Would you like to see it in action?

Here you go. practical demonstration how the Health DCAT-AP-based solution is configured and used within Anjana Data, with a comprehensive experience of searching, filtering, exploring metadata, and downloading data from an interoperable dataset:

📺 Watch video on YouTube – Health DCAT‑AP demo with DQTeam and Anjana Data

Ready to govern your data with European standards?

If your organisation wishes to align your data strategy with DCAT-AP, DAMA, UNE or the Data Act, Now you can do it immediately and without development, with a modular, extensible and 100% interoperable approach.

👉 Get in touch with us to learn how to activate this setting in your environment or try a customised demo.

Mexican Federal Telecommunications Institute and Anjana Data: How to build a Knowledge Marketplace in just 10 weeks and start generating value from day one

Lucía Engo — Thu, 29 May 2025 11:19:44 +0000

The Knowledge Marketplace at the IFT is now a tangible and transformative reality. In a context where data is growing uncontrollably and strategic decisions depend on reliable information, the Federal Telecommunications Institute of Mexico has managed to structure its internal knowledge, making it accessible, governed and value-oriented.

Thanks to Anjana Data, the IFT has gone from having no governed assets to creating, in just 10 weeks, a Knowledge Marketplace Complete. An environment where data is converted into actionable knowledge, available to all profiles and aligned with the organisation's strategic vision.

This milestone not only marks the beginning of a new culture data-driven, but rather demonstrates how a public institution can generate real and early impact through a modern Data Governance ecosystem focused on democratisation of business knowledge.

From zero to Knowledge Marketplace: IFT takes an exponential leap forward with Anjana Data

The IFT did not start from a mature data governance base.
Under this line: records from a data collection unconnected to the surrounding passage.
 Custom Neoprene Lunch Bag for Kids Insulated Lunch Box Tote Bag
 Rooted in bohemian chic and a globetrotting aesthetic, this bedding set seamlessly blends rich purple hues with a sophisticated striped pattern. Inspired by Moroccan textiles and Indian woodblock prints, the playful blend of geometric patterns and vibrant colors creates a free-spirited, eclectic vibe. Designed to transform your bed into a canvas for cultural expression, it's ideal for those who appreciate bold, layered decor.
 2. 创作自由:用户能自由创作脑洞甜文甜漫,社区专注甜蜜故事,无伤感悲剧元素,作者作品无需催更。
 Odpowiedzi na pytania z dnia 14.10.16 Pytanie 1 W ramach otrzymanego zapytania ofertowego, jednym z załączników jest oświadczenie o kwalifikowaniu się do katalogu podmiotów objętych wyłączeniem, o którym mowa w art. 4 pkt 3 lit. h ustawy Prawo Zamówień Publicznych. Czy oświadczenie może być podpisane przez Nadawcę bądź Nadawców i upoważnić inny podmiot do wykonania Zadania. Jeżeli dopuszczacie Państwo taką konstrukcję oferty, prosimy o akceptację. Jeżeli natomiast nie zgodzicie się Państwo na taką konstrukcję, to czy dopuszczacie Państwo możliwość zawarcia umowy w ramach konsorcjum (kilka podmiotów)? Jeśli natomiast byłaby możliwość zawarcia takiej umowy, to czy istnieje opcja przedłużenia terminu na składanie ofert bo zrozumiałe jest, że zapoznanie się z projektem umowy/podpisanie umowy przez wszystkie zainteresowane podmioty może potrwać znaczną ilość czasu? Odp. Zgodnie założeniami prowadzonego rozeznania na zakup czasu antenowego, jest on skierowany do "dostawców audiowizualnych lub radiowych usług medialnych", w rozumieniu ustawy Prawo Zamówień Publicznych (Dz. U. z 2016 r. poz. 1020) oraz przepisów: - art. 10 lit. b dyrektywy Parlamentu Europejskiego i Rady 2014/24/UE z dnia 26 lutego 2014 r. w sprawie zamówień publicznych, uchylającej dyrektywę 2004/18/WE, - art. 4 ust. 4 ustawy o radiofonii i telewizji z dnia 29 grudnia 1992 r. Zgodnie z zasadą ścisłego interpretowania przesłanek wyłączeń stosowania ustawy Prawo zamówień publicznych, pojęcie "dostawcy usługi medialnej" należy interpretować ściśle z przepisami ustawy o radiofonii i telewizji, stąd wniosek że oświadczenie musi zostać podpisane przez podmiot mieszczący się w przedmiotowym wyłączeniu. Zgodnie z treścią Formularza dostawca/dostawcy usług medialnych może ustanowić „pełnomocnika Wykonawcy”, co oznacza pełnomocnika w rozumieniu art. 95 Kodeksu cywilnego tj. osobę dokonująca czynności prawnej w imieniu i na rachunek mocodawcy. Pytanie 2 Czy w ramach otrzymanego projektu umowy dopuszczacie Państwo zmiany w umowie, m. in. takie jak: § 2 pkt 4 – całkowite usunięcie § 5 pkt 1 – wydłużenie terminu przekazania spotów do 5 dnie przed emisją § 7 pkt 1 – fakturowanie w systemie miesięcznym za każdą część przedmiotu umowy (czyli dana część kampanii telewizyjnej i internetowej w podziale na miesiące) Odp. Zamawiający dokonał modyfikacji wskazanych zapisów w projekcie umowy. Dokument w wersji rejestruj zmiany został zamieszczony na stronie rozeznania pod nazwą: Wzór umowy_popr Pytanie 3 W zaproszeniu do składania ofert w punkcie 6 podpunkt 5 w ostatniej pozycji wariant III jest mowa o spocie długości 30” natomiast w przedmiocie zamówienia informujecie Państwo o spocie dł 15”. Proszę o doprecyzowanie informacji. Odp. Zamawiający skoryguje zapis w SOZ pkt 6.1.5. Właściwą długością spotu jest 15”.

It started from scratch: without a centralised catalogue, without defined management flows, without a semantic structure or standardised access mechanisms. The usual approach would be to start slowly, with a basic technical catalogue or an initial Data Marketplace. But the IFT opted for take an ambitious strategic leap: build a genuine Knowledge Marketplace.

Thanks to Anjana Data, That leap has been possible and successful:

A smart and governed catalogue with over 130 data and information assets in just 10 weeks.
A living business glossary, which links organisational concepts with technical assets to facilitate cross-functional understanding.
They were enabled. governance workflows, ensuring compliance, traceability, versioning, and auditing.
A eCommerce experience, where any user can find, understand, and request the knowledge they need.
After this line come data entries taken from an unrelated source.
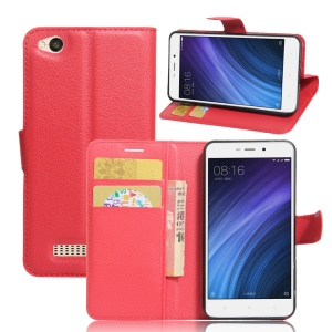 Lychee Skin Leather Card Holder Case for Xiaomi Redmi 4a - Red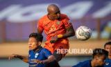 Pesepak bola Persiraja Banda Aceh Paulo Henrique (tengah) menyundul bola ke arah gawang PSIS Semarang dalam pertandingan pekan ketiga Liga 1 2020-2021 di Stadion Wibawa Mukti, Cikarang, Kabupaten Bekasi, Jawa Barat, Sabtu (18/9/2021). Pertandingan dimenangkan PSIS Semarang dengan skor 3-1. (FOTO : Antara/Aditya Pradana Putra)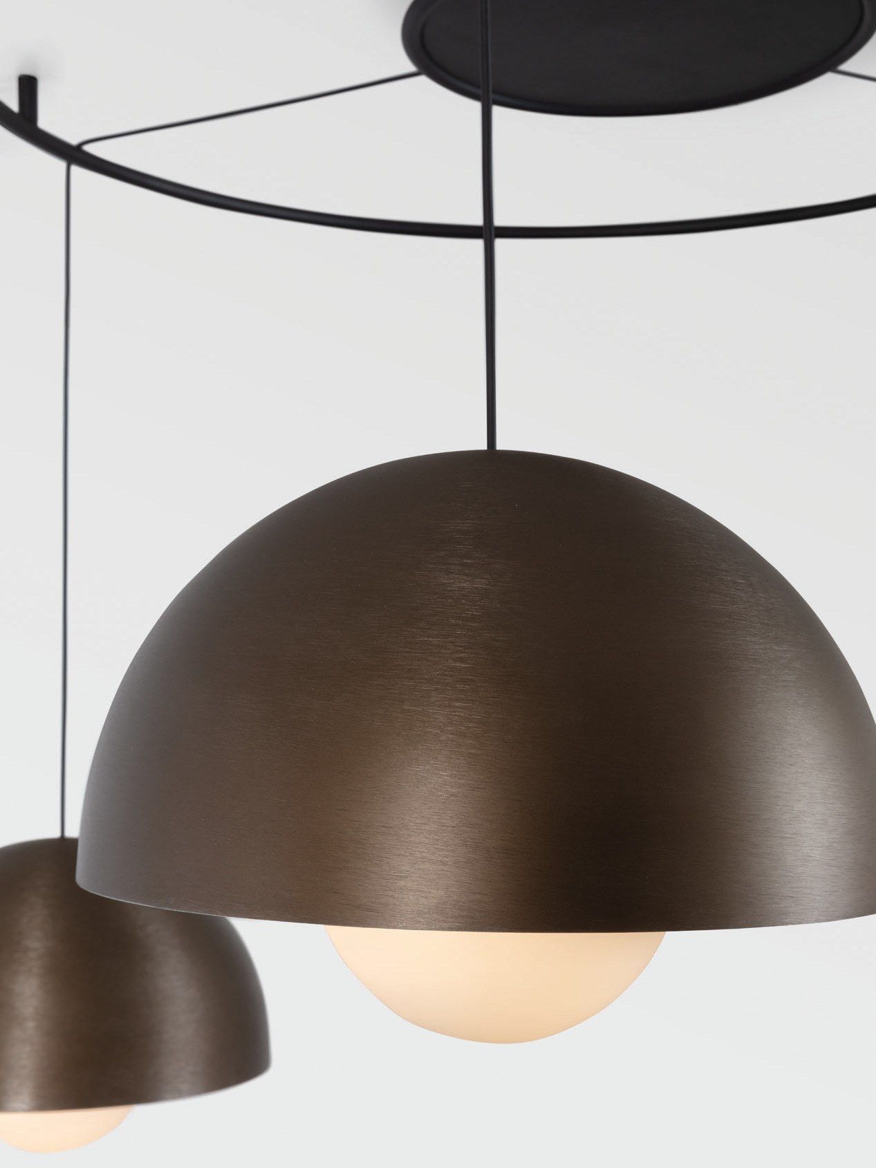 KOMPAS è una base a soffitto, realizzata per darti un anello di possibilità. Usa i suoi punti di connessione per aggiungere pendenti. Mantienilo sottile con pochi o scegli una combinazione - osiamo dire fino a 12? Posizionali come preferisci, attorno al bordo della base. Il risultato sarà un lampadario davvero unico e giocoso.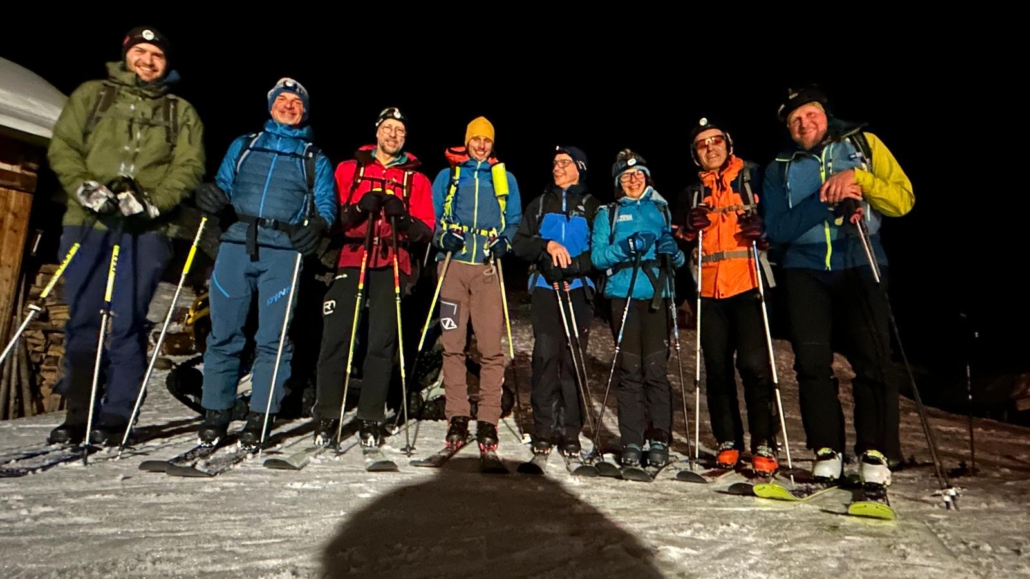 Nicht schlecht staunten wir, als wir nach rund 900 Aufstiegshöhenmetern an der Kreuzalm ankamen. Die Hütte war an diesem Abend bereits mit sehr vielen anderen Skitourengehern nahezu überfüllt. Das lag mitunter auch am guten Wetter und den ausgezeichneten Pistenbedingungen. Mit etwas Warten und Glück wurde dann aber doch noch ein großer Tisch frei und wir konnten den Tourenabend auf der Hütte bei Brotzeit und Bier mit Ratschen und guter Stimmung genießen.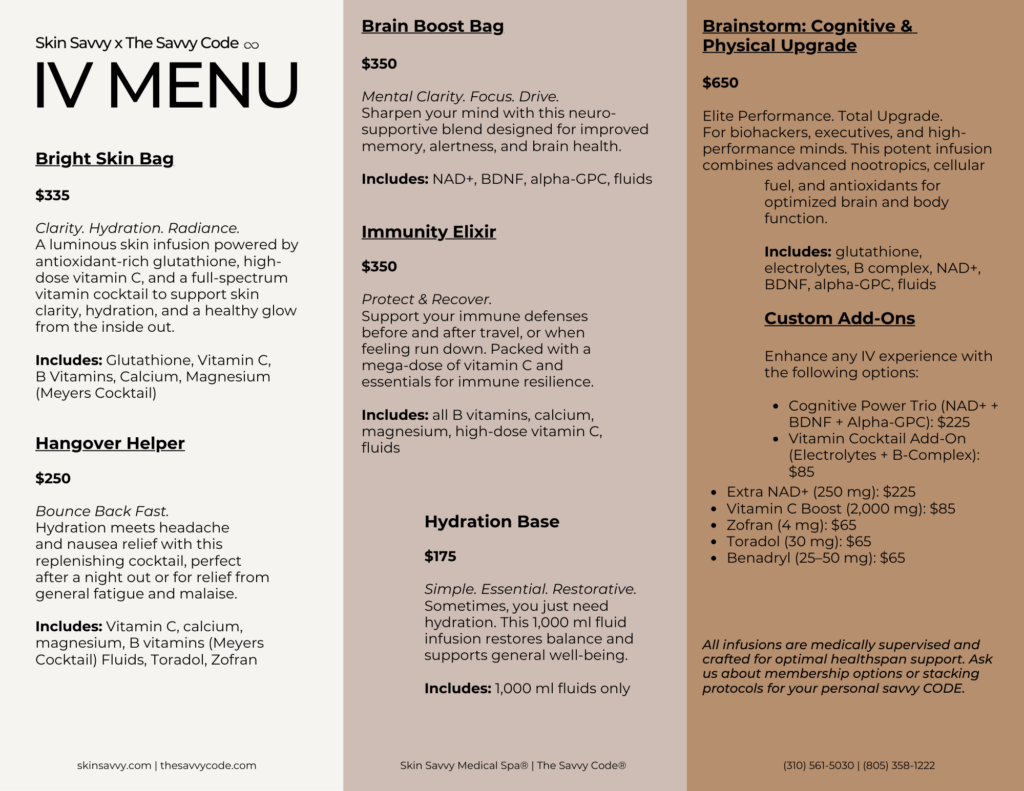 - Delivering NAD+ and BDNF boosters to support neuroplasticity, memory retention, and cognitive clarity.

The result: an environment where data becomes useful knowledge, with context, governance and purpose, ready to be driven by all areas of the organisation.

➡️ Would you like to know more about the Knowledge Marketplace concept? Here we explain it in detail.

Flawless execution, measurable results

This ambitious project was rolled out quickly and efficiently thanks to three key factors:

Flexible and scalable technology (Anjana Data) which was adapted to the organisational and technical requirements of the IFT.
An expert implementation team (Management Solutions), with in-depth knowledge of the platform and best practices in data governance.
Agile and empowered project management on behalf of the IFT, with a key Project Manager to remove obstacles and speed up decisions.

The achievements speak for themselves:

+130 governed assets
Cases of strategic value activated at the close of the project
Governance implemented at all levels: technical, semantic, operational, and organisational
Active participation from all key areas: security, networks, business, and IT

The impact: much more than well-managed data

The IFT has not only structured its information assets: it has also implemented a new culture based on data and shared knowledge, that:

Promotes data sovereignty without restricting access.
Reduces the barrier to entry to information.
Democratise the use of knowledge throughout the organisation.
Ensures regulatory compliance and traceability.

This project is real proof that Data governance does not have to be slow or complex.. With the right vision and the right tools, you can go from zero to strategic in a matter of weeks.

Would you like to know all the details?

Download the full success story here and discover how IFT has managed to transform its data ecosystem into a Knowledge Marketplace with Anjana Data.

📩 Would you like to take this leap forward in your organisation?
Contact us at info@anjanadata.com, We will be delighted to help you design your path towards modern, agile data governance that generates value.

Anjana Data available on Azure Marketplace and Microsoft App Source

Angela Miñana Francés — Wed, 28 Apr 2021 14:10:16 +0000

From Anjana Data We are pleased to announce that we continue to grow and meet all of our expectations. Over a year ago, we signed a partnership agreement with Microsoft, and after much effort, we are pleased to announce that our solution for the Data Government, designed to assist organisations in implementing their data strategy in the era of Big Data, Multi-Cloud and Data-Driven. now available in the Azure Marketplace and in Microsoft App Source.

However, What are Microsoft's Azure Marketplace and App Source? Well, both are online stores containing thousands of IT software applications and services created by technology providers. Both the Marketplace and App Source, Azure users have the opportunity to find, test and purchase certified solutions tailored to meet the needs of organisations. For Anjana Data, appearing in these ecosystems means being able to directly offer our distinctive, innovative, and disruptive Data Governance solution to any organisation in the world working on Azure.

From a technical standpoint, Anjana Data's added value for organisations using Azure and its native cloud technologies as a data platform consists of offering a solution from Data Governance enterprise-ready, with state-of-the-art architecture, oriented towards microservices, modular and robust, which enables high availability and load balancing in a native and transparent way, compatible with a multitude of deployment types and automation, among which the following are noteworthy: Azure Kubernetes Service y Azure Resource Manager, while additionally maintaining compatibility with deployments based on binary distribution..

And from a more functional point of view, in addition to all the benefits offered by Anjana Data, for Azure it incorporates a extended native integration on the main technologies of storage, processing and exploitation of Azure data (Data Factory, Data Lake Storage, Blob Storage, Azure SQL, Databricks, PowerBI, etc.) as well as Azure AD. All of this enables the organisation to implement proactive and preventive data governance over its data ecosystem, thanks to which advanced data governance use cases can be built, such as the creation of a “Data Marketplace” or the achievement of “Governed Data Self-Service”.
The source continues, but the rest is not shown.